In this last period of his work life, he hopes to navigate Thaicom through its next stage of growth and diversify the business amid a critical transition.

"Thaicom has to continue diversifying to include innovative tech, robotics, artificial intelligence (AI) and more emphasis on retail business to capitalise on the end-user segment," he says. "As well, Thaicom must maximise operations of the existing satellites' transponder capacity to ensure greater revenue to serve current demand in the market.

Mr Anant plans to take early retirement in the next two years and focus on his garden.

Mr Anant's own career has been just as diverse. After graduating with a Bachelor of Engineering from Chulalongkorn University, he got a job at British Petroleum. After BP's Thai operations were taken over by state-owned PTT, he moved to the telecom industry to work at International Broadcasting Corporation (IBC), in what he calls a major turning point in his career.

"I was persuaded [by friends at the Sasin Graduate Institute of Business Administration] to apply for an executive position at several interesting companies," he says, "including Thailand's largest refinery and supplier of petroleum products, Thai Oil; Phatra Securities; M Group [formerly Manager Group]; and IBC, the first cable TV provider in the country."

At the time, IBC was mainly managed by future prime minister Thaksin Shinawatra as part of Shinawatra Computer and Communications, later to become InTouch Holdings.
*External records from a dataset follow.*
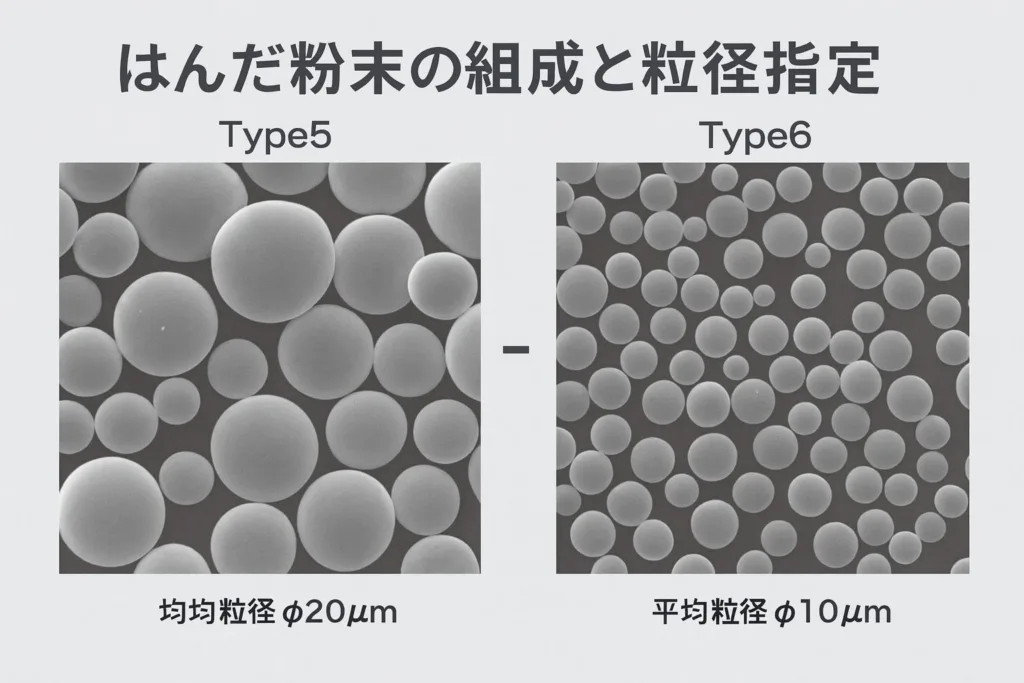 一方、はんだ粉末はユーザー側で組成や粒径(メッシュサイズ)を指定可能です。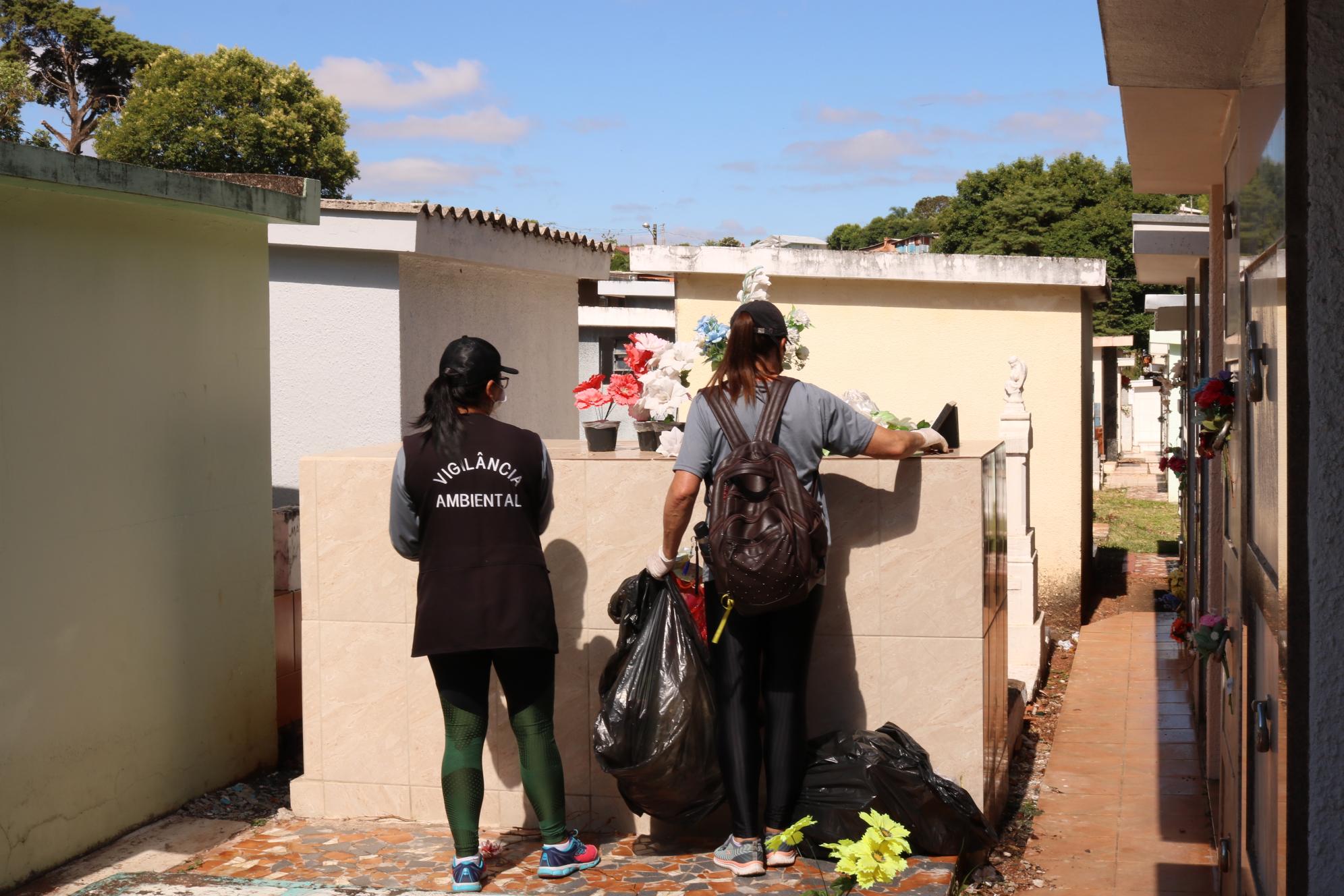 Na manhã desta sexta-feira (03), Agentes de Combate a Endemias e Agentes Comunitários de Saúde da Unidade Básica da Vila Jardim estiveram realizando vistoria no Cemitério Municipal João Paulo II. A ação programada pelas Agentes objetiva identificar e eliminar possíveis criadouros do mosquito Aedes aegypti, tendo em vista a movimentação de pessoas que aconteceu nos finados e as chuvas dos últimos dias. Durante o trabalho, as servidoras removeram os plásticos dos vasos de flores, eliminaram locais com água parada e coletaram amostras das larvas encontradas.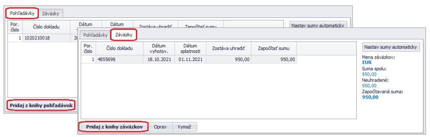 V záložke Texty je možné preddefinovať texty, ktoré budú zobrazené pri tlači Dohody. Doklady pridávame v dolnej časti cez voľbu Pridaj z knihy pohľadávok, kde vyberieme pohľadávku, ktorú započítavame. Cez voľbu Pridaj z knihy záväzkov vyberieme záväzok, ktorý započítavame.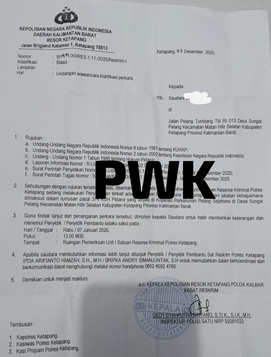 Penerimaan laporan tersebut tertuang dalam surat bernomor B/1451/XII/RED.1.11./2025/Reskrim-I. Saat ini, penyidik Satreskrim Polres Ketapang tengah melakukan penyelidikan guna mengungkap dugaan peristiwa pidana tersebut.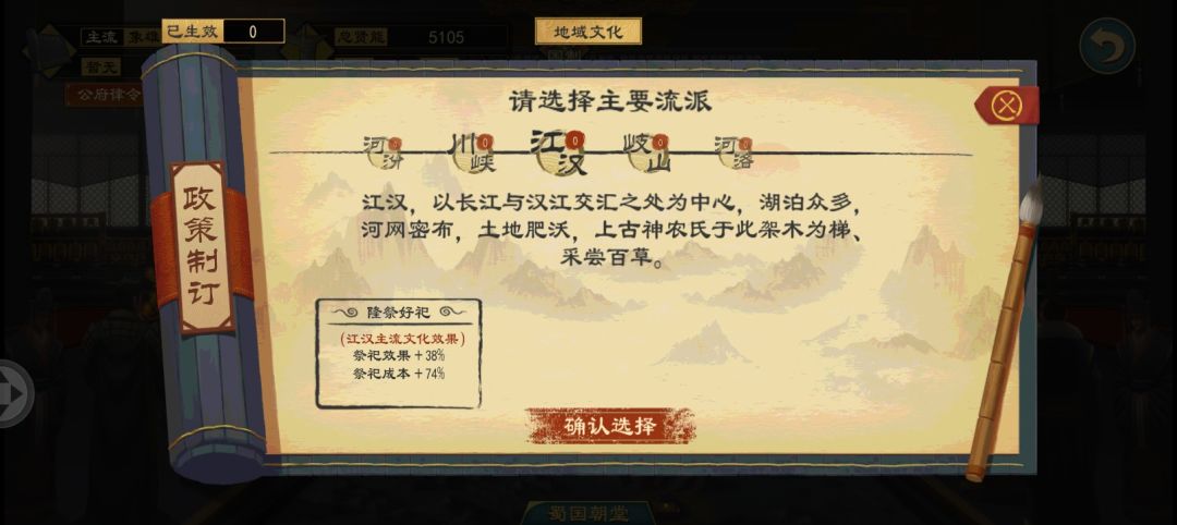 5.虽然流派政策没法在流派界面显示,但还是可以靠自动施政的功能点政策。具体操作如下:通过战争俘虏,策反等方式(不太推荐用粮草直接招人,除非是辰韩,象雄和扶余这三个文化。即使要招也建议在民间主流文化变成对应文化后再招人)获得一个有你想点的政策的人才(人才的流派必须与该政策,以及你的主流流派相一致),然后把他放到朝堂上,之后点击自动施政并sl到你要点的政策。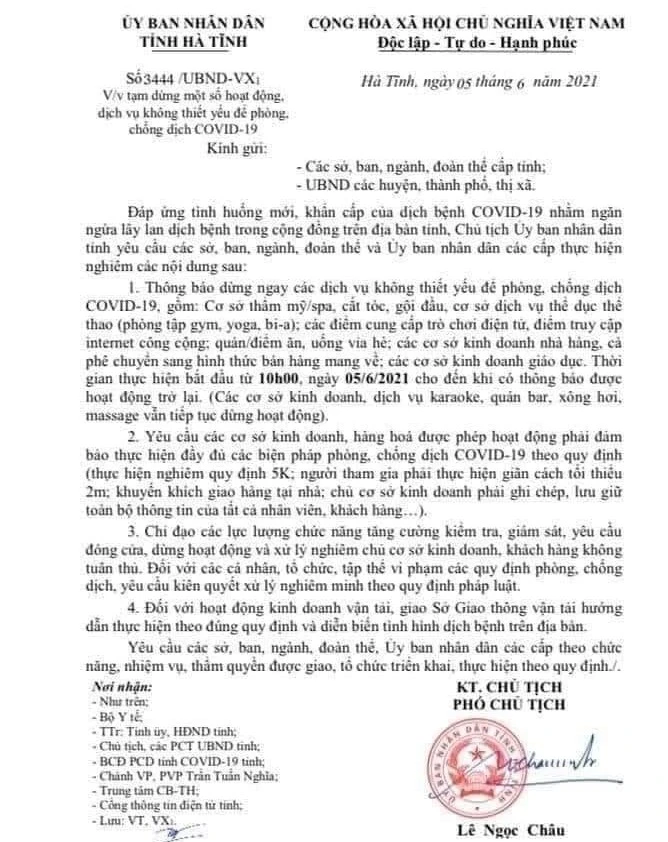 UBND tỉnh Hà Tĩnh đã có công văn tạm dừng một số hoạt động, dịch vụ không thiết yếu để phòng, chống dịch COVID-19.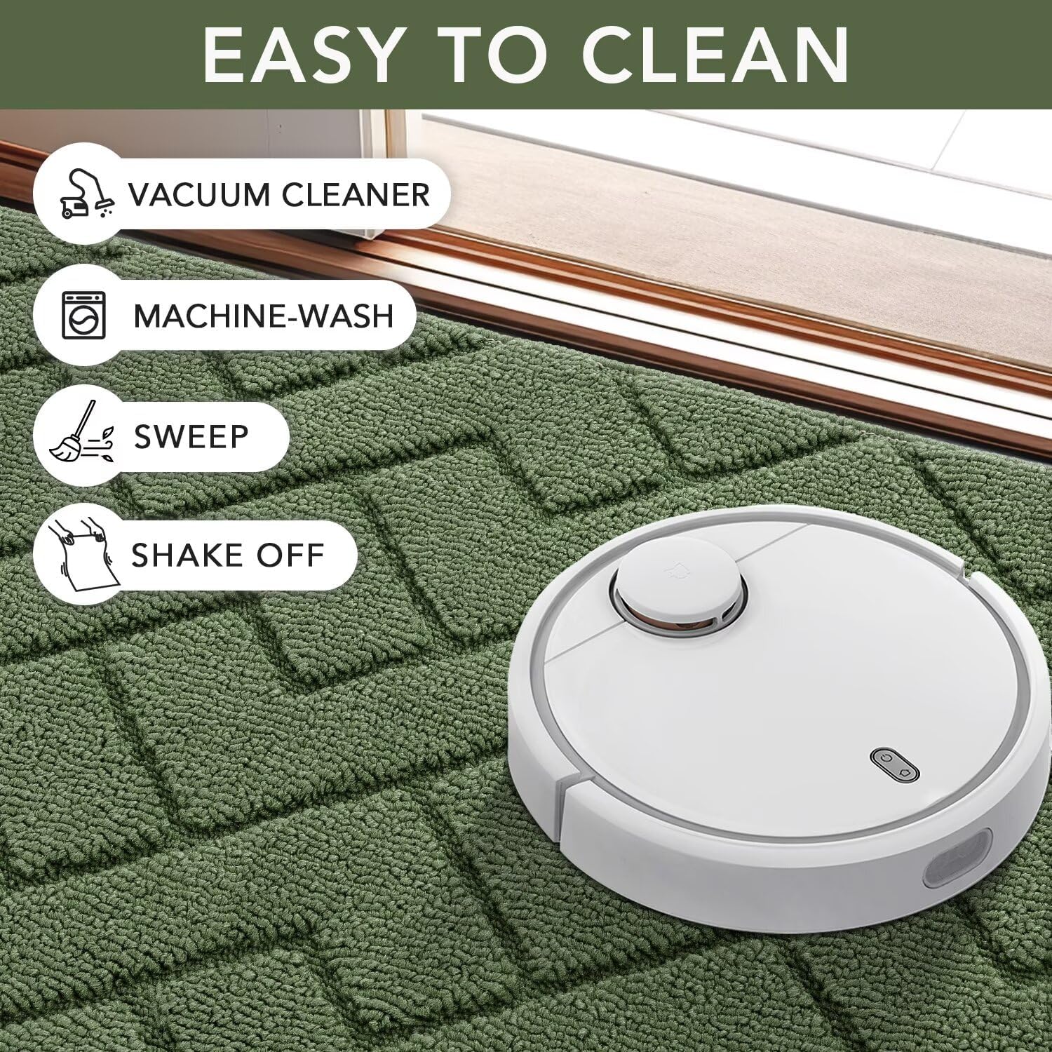 hicorfe Indoor Doormat,Front Back Door Mat TPR Backing Non Slip Mats 20"x31.5" Absorbent Resist Dirt Entrance Doormat Inside Floor for Entryway Washable Low-Profile(Green)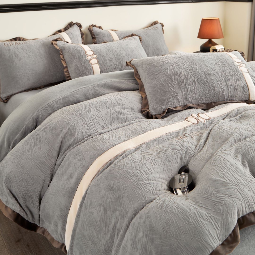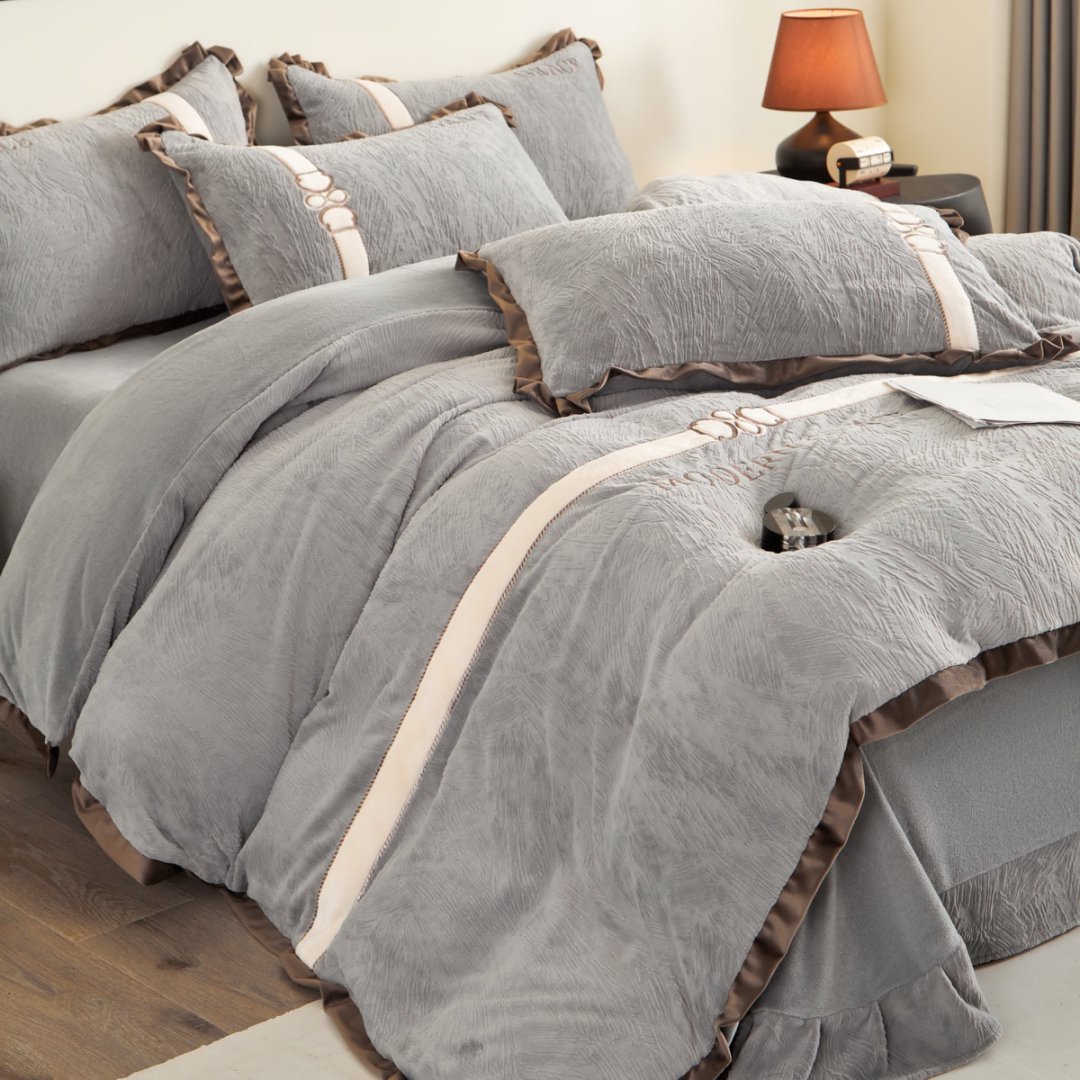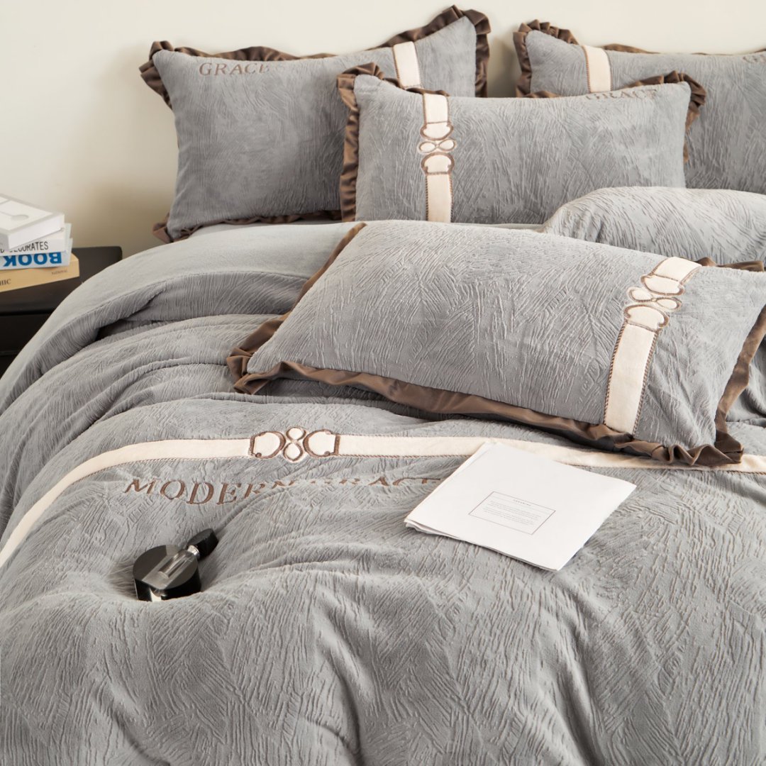 商品名称:七里香 2025新款雕花绒牛奶绒刺绣四件套-云锦系列 云锦-灰色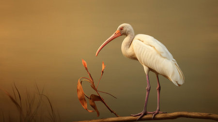 the american white ibis, with its striking white plumage and curved bill, perches elegantly on a brown stem, set against a vibrant, sun-kissed background, showcasing its natural beauty in this stunning high-definition photograph, perfect for nature enthusiasts and birdwatchers alike. ai generated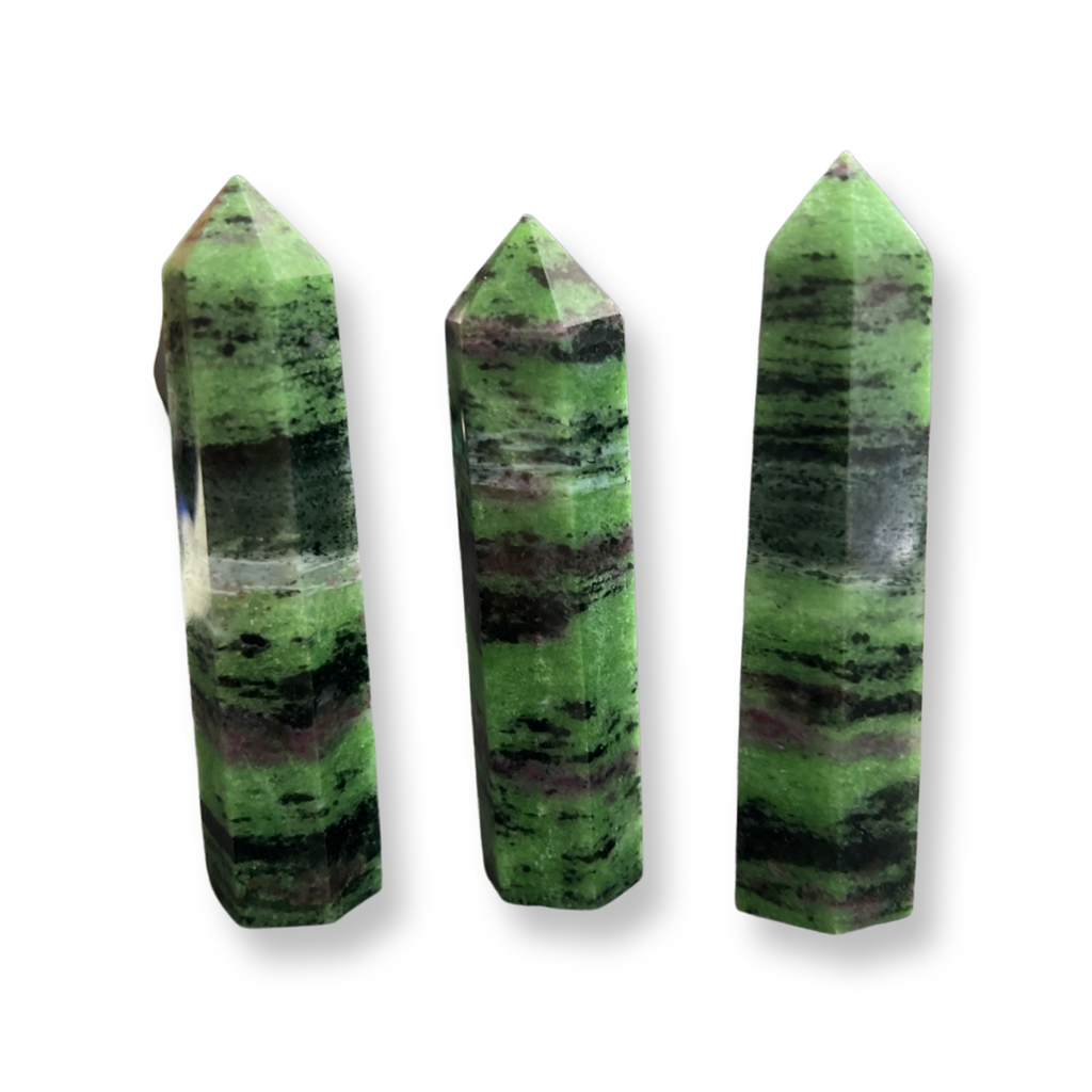 When Ruby and Zoisite are naturally combined into a single stone, the root, heart, and third eye chakras are all aligned and harmonize on the same vibrational level. This special combination of stones will help in the manifesting of ideas and will offer the strength and assistance in accomplishing your dreams. Ruby Zoisite aligns the heart and third eye to produce a deepened understanding of what negativity we are carrying and how to conquer it. Ruby Zoisite is also one of the very few minerals that can transmute negative energies into positivity. Even leaving a piece in your daily environment will drastically benefit everyone in it.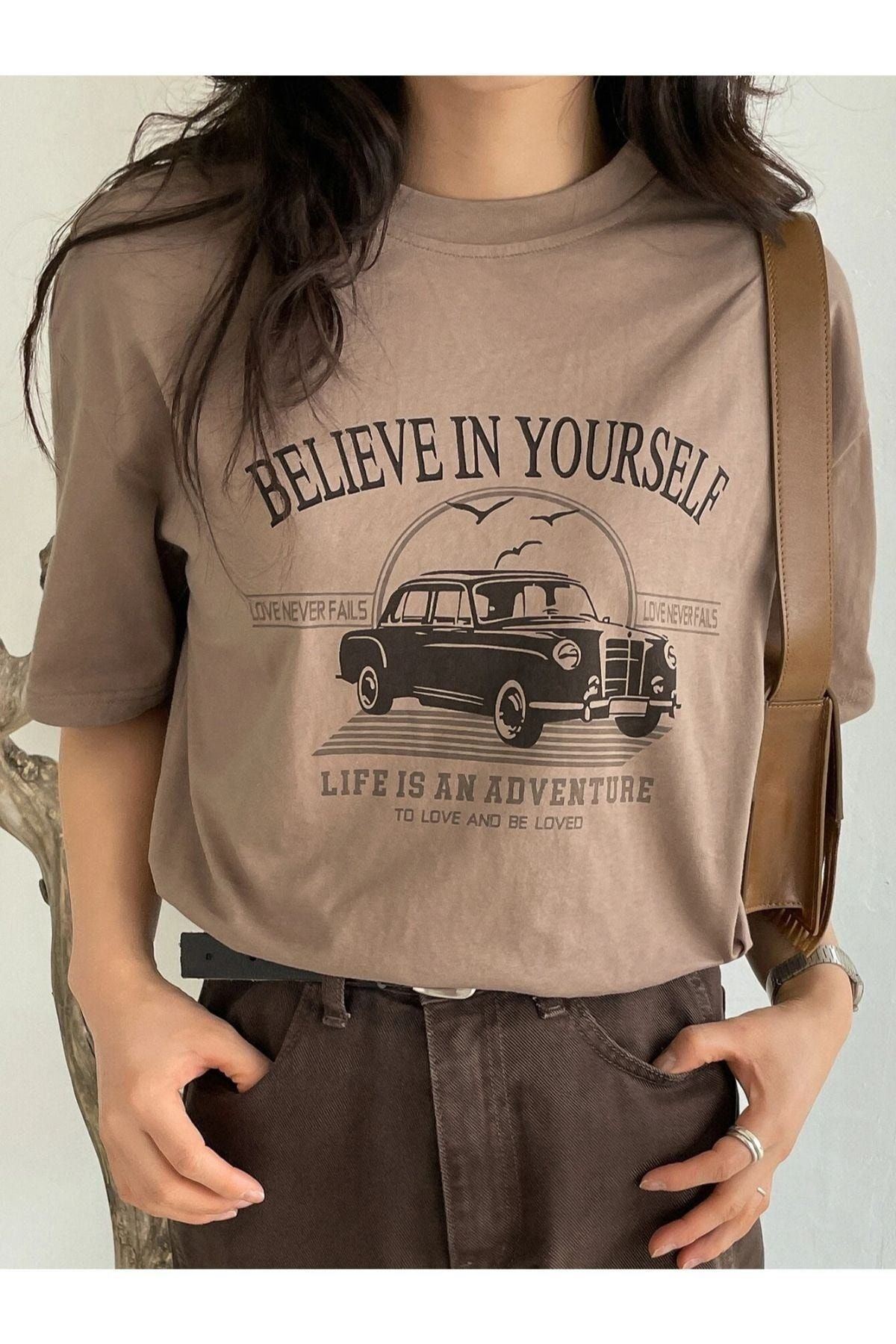 Believe In Yourself T-shirt - Vizon Baskılı Oversize Bisiklet Yaka Kısa Kol Tişört

"At IBC, I learned much about both the TV business and telecommunications," Mr Anant says.

He got into the satellite business when he was tasked with negotiating an agreement with the governments of Laos and Cambodia for now-defunct Shin International.

"With Laos, the group operated a free TV business via wholly owned IBC Lao, and for the telecom business through Lao Telecommunications, the Lao government allowed the group via Shin International to hold a 49% stake worth 40 million US dollars," Mr Anant says. "In Cambodia, the group operated free TV through IBC Cambodia, which was wholly owned by Shin International. However, IBC Lao and IBC Cambodia were closed after three years in operation due to the impractical business ecosystem of the markets, as well as some political issues."

Mr Anant began working at Thaicom in 1997 as general manager for CS Satellite Phone, a joint venture that was 51% held by Shin Satellite (the former name of Thaicom) and 49% by CAT Telecom.

"The satellite phone was called ICO, in collaboration with CAT Telecom, which held the international rights for providing service at that time," he says. "However, the ICO project ended because it was too expensive for project investment, the retail price and its airtime package."

Mr Anant then started working for another joint venture of Thaicom and former executives of Loxley Group -- CS LoxInfo -- as deputy managing director in 1999, ultimately serving as chief executive from 2013 until last year.

"There were many challenges working in my fields for almost 30 years," he says. "I could say that I worked in fields that had no practical tech support as exists in the present time, especially internet connectivity and updated information. Even for the work in the beginning stages of CS LoxInfo, the body of knowledge for the internet was still very new and complicated. The company had to resolve unpredictable daily problems, as it was hacked for its usernames and passwords to sell on the black market."

Through it all, Mr Anant has developed a distinct philosophy on management.

"I have learned that we have to think outside the box to resolve problems that have grown in sophistication due to tougher business competition," he says. "More importantly, preparation for handling what will happen is critical for executives, through planning and prioritising, though it means you have to make accurate predictions, too."

But despite the many hats he wore in his career and the decisions he made, Mr Anant says he has no regrets.

"What would be better or worse for working life, nobody can give a precise answer," he says. "But we should respect what we select and enjoy what happens in the present time."